## Activity
Give back an exact repetition of the material below, from its first line through the line that contains "باروكة شعر صناعي طويل مموج اشقر اللون شعر", both included, minus the pictures.

## Dataset content
□ □ □ □ □ □ □

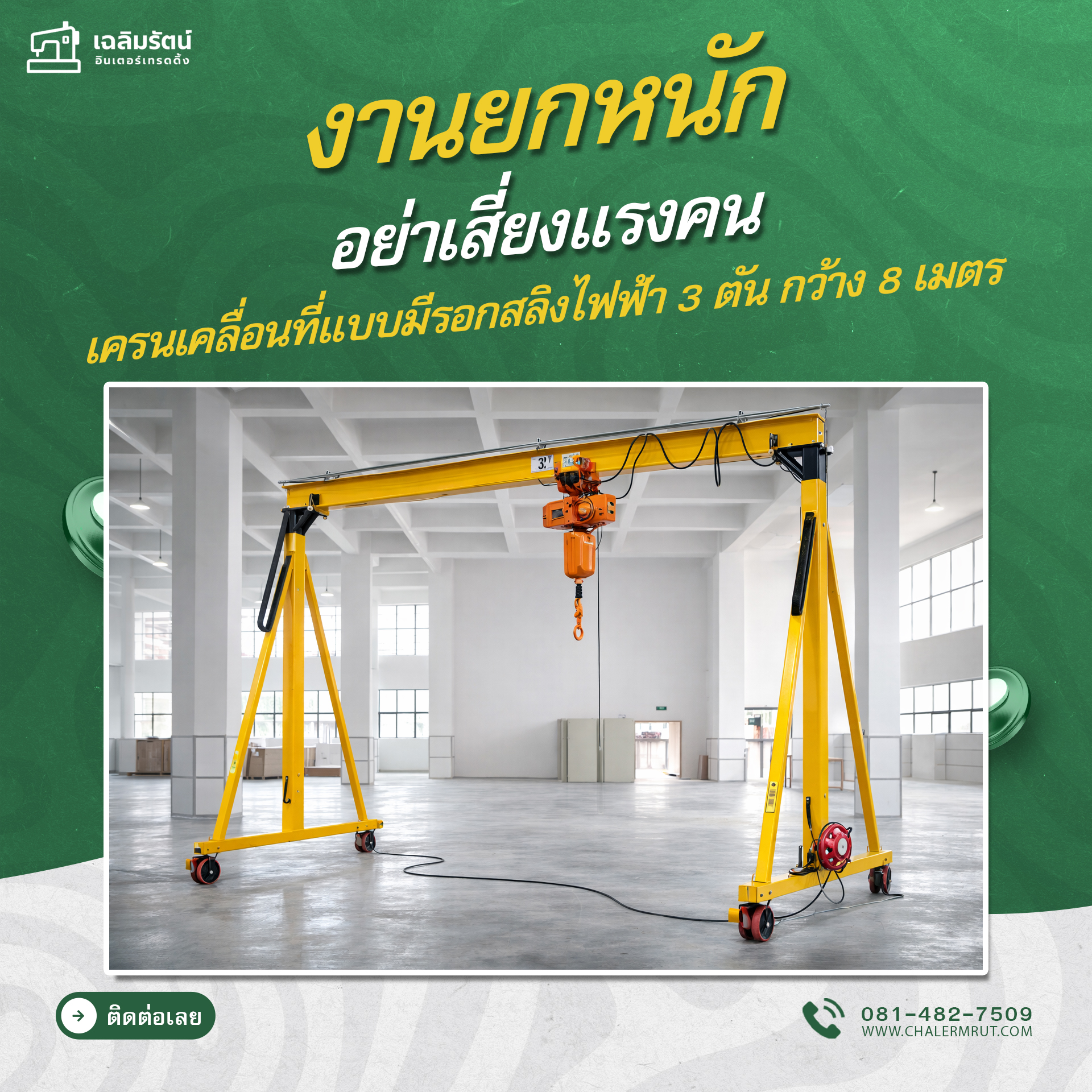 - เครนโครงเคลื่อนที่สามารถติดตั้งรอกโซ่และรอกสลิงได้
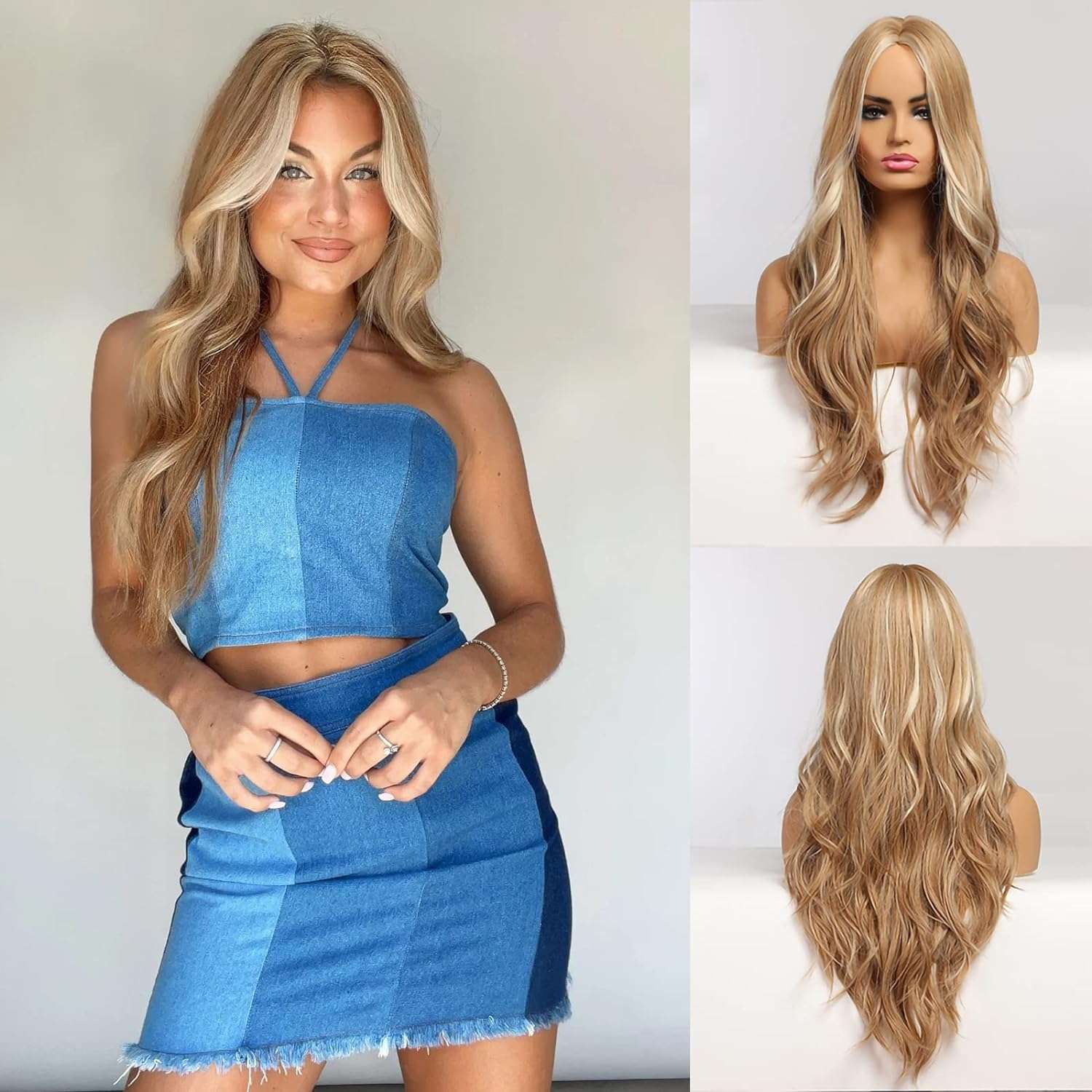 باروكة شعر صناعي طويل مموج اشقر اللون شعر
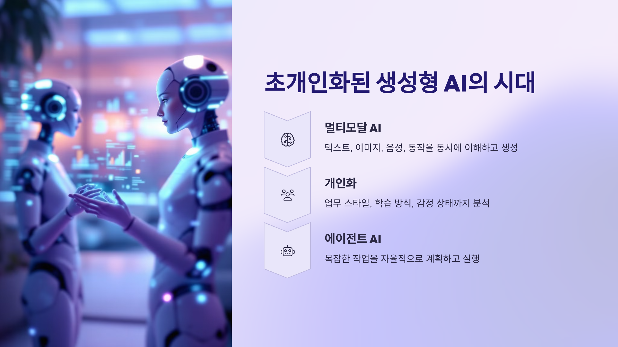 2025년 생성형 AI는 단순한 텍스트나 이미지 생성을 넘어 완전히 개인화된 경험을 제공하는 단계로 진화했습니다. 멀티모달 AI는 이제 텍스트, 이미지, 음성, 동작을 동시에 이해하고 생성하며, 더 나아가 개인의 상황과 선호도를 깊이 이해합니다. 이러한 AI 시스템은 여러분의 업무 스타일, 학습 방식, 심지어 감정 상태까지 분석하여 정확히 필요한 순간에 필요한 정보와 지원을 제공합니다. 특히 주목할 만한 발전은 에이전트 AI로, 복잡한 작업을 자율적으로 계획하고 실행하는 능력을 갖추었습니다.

□ □ □ □ □ □ □

## Solution
 - เครนโครงเคลื่อนที่สามารถติดตั้งรอกโซ่และรอกสลิงได้
 باروكة شعر صناعي طويل مموج اشقر اللون شعر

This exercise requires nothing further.